[Start of section]

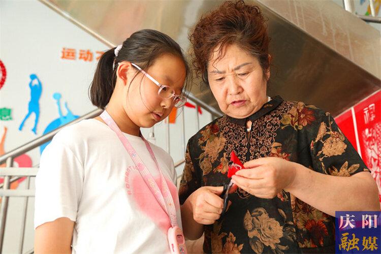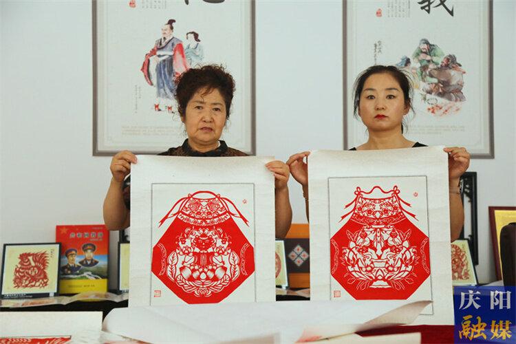 日前,記者走進(jìn)位于西峰區(qū)三里廟花園小區(qū)的吉彩琴工作室,象征祥瑞吉運(yùn)的龍鳳麟龜、鹿蝠鶴鵲、梅蓮桃葫,代表趨吉避兇的抓髻娃娃、疳娃娃、送病娃娃,還有卷軸長(zhǎng)卷、各種剪紙,將不大的空間裝飾得色彩繽紛。今年52歲的吉彩琴忙著給弟媳婦張彥峰教授剪紙技藝,一個(gè)教得認(rèn)真、一個(gè)學(xué)得專心。
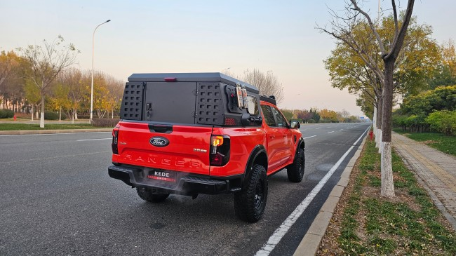 依托品牌数百项专利技术,打造 “全地形全能” 的核心实力。搭载 2.3T EcoBoost®汽油发动机,爆发190千瓦(258 马力)最大功率与450牛・米峰值扭矩,匹配8速自动变速箱,动力输出强劲且平顺,无论是陡坡攀爬、高速驰骋还是拖拽露营装备,都游刃有余,动力参数全面优于竞品的基础版动力。越野配置更是武装到牙齿:非承载式车身搭配后悬架钢板弹簧加强,车身刚性远超竞品的承载式结构;EMOD智能全时四驱 + 后桥电控机械差速锁,配合TMS全地形管理系统,轻松应对岩石、沙漠、泥泞等复杂路况,通过性碾压普通旅居车;289mm最小离地间隙、850mm最大涉水深度,搭配越野透明底盘、越野涉水探测与越野蠕行模式,让 “无路可走” 成为 “另一条路的起点”。
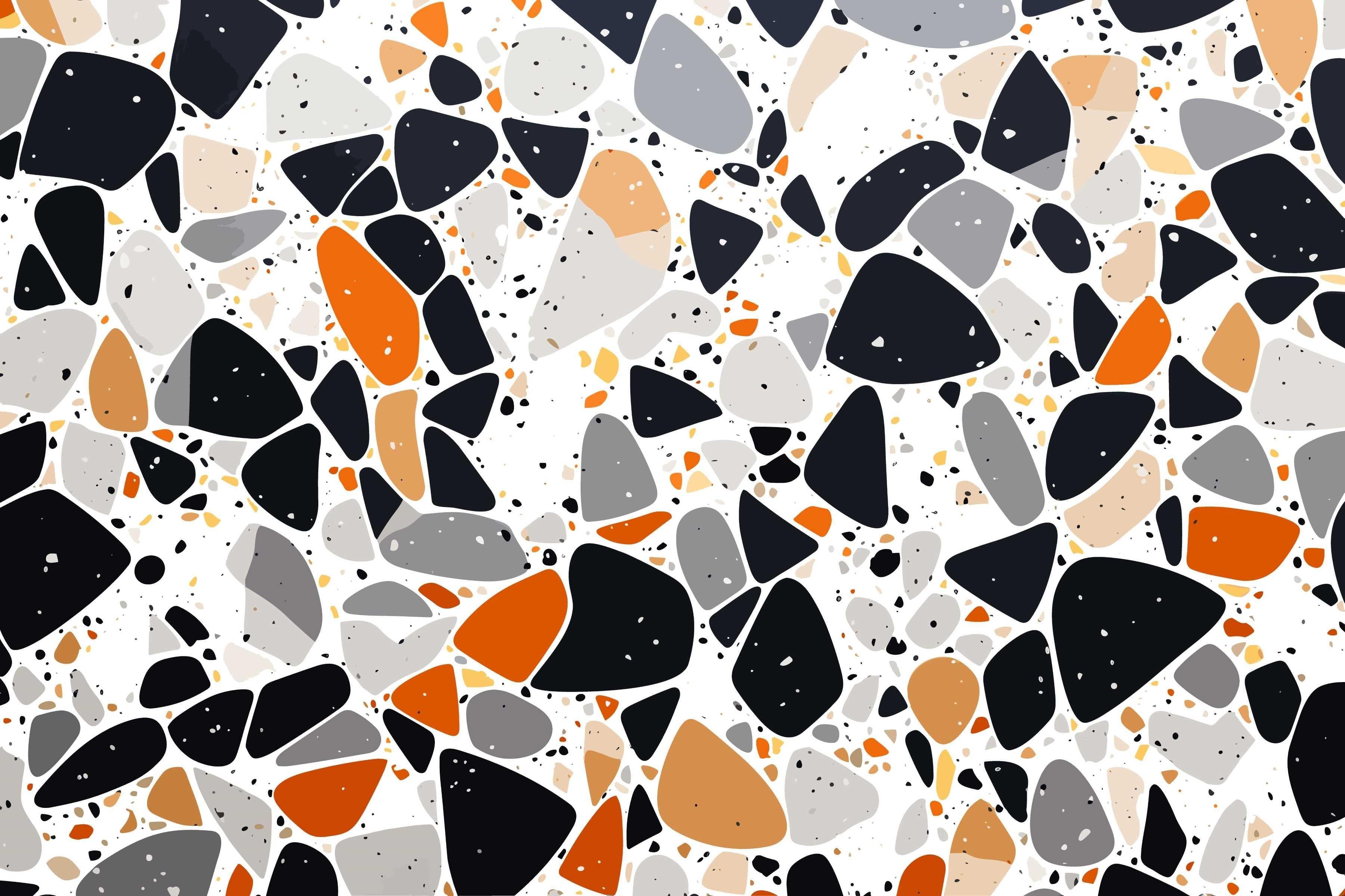 Diese Terrazzo-Tapete zeigt eine auffällige Komposition organischer Formen in einer anspruchsvollen Palette aus Kohlegrau, Hellgrau und lebendigem Orange vor einem klaren weißen Hintergrund. Das dynamische moderne Terrazzo-Wandbild erzeugt einen fesselnden visuellen Rhythmus durch seine verstreuten geometrischen Fragmente, wobei jedes Stück sorgfältig positioniert ist, um ein perfektes Gleichgewicht zwischen kräftigen und subtilen Elementen zu erreichen.

[End of section]

▶ [TASK PROMPT] Exactly reproduce the lines beginning at the one that contains "的核心实力。搭载 2.3T EcoBoost®汽油发动机,爆发190千瓦(258" and ending at the final line of the material, with the pictures left out.

▶ [RESULT BELOW]
 依托品牌数百项专利技术,打造 “全地形全能” 的核心实力。搭载 2.3T EcoBoost®汽油发动机,爆发190千瓦(258 马力)最大功率与450牛・米峰值扭矩,匹配8速自动变速箱,动力输出强劲且平顺,无论是陡坡攀爬、高速驰骋还是拖拽露营装备,都游刃有余,动力参数全面优于竞品的基础版动力。越野配置更是武装到牙齿:非承载式车身搭配后悬架钢板弹簧加强,车身刚性远超竞品的承载式结构;EMOD智能全时四驱 + 后桥电控机械差速锁,配合TMS全地形管理系统,轻松应对岩石、沙漠、泥泞等复杂路况,通过性碾压普通旅居车;289mm最小离地间隙、850mm最大涉水深度,搭配越野透明底盘、越野涉水探测与越野蠕行模式,让 “无路可走” 成为 “另一条路的起点”。
 Diese Terrazzo-Tapete zeigt eine auffällige Komposition organischer Formen in einer anspruchsvollen Palette aus Kohlegrau, Hellgrau und lebendigem Orange vor einem klaren weißen Hintergrund. Das dynamische moderne Terrazzo-Wandbild erzeugt einen fesselnden visuellen Rhythmus durch seine verstreuten geometrischen Fragmente, wobei jedes Stück sorgfältig positioniert ist, um ein perfektes Gleichgewicht zwischen kräftigen und subtilen Elementen zu erreichen.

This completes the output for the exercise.